Lucia Newman, da Al Jazeera, reportando de Santiago, descreveu o evento como uma “cerimônia extremamente emocionante”.

“Havia muitas pessoas na sala chorando. Houve muitas emoções e aplausos muito fortes.”

Os jornalistas da Al Jazeera em Gaza estavam entre os alvos dos ataques israelitas desde Outubro.

Em Dezembro, o chefe da sucursal da Al Jazeera em Gaza Wael Dahdouh foi ferido em um ataque israelense no qual seu colega e cinegrafista da Al Jazeera Árabe Samir Abudaqa foi morto, enquanto faziam reportagens no sul de Gaza.

A esposa de Dahdouh, Amna, o filho Mahmoud, a filha Sham e o neto Adam foram mortos em um ataque em outubro depois que um ataque aéreo israelense atingiu a casa onde eles estavam abrigados no campo de refugiados de Nuseirat.

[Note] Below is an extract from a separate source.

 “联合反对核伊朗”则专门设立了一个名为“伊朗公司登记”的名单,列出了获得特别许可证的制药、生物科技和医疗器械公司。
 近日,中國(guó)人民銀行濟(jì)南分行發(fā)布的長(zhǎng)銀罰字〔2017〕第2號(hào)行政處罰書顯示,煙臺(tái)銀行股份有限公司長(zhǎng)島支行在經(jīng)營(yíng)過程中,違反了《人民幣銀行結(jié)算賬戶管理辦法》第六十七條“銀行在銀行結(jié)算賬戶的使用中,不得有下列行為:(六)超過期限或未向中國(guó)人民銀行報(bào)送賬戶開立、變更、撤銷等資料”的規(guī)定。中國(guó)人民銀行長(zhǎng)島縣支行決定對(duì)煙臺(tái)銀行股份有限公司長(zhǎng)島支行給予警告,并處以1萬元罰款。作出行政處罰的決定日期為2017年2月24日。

O filho mais velho do jornalista veterano, Hamza Dahdouhtambém jornalista da Al Jazeera, foi morto em janeiro por um ataque de mísseis israelense em Khan Younis, no sul de Gaza. Ele estava em um veículo perto de al-Mawasi, uma área segura designada por Israel, com o jornalista Mustafa Thuraya, que também foi morto no ataque.

De acordo com relatos de correspondentes da Al Jazeera, o seu veículo foi alvejado enquanto tentavam entrevistar civis deslocados por bombardeamentos anteriores.

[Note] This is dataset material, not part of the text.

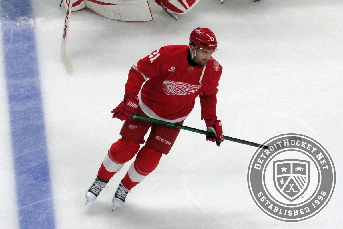 James van Riemsdyk of the Detroit Red Wings skates at the blue line during pre-game warmups before a game against the Carolina Hurricanes, wearing a customized Sergei Fedorov jersey and white skates in honor of Fedorov's jersey retirement.

Em Fevereiro, Mohamed Yaghi, um fotojornalista freelancer que trabalhava com vários meios de comunicação, incluindo a Al Jazeera, também foi morto num ataque aéreo israelita em Deir el-Balah, no centro de Gaza.

Pelo menos 34.596 palestinos foram mortos e 77.816 feridos em ataques israelenses em Gaza desde 7 de outubro. O número de mortos em Israel devido aos ataques liderados pelo Hamas é de 1.139, com dezenas de pessoas ainda mantidas em cativeiro.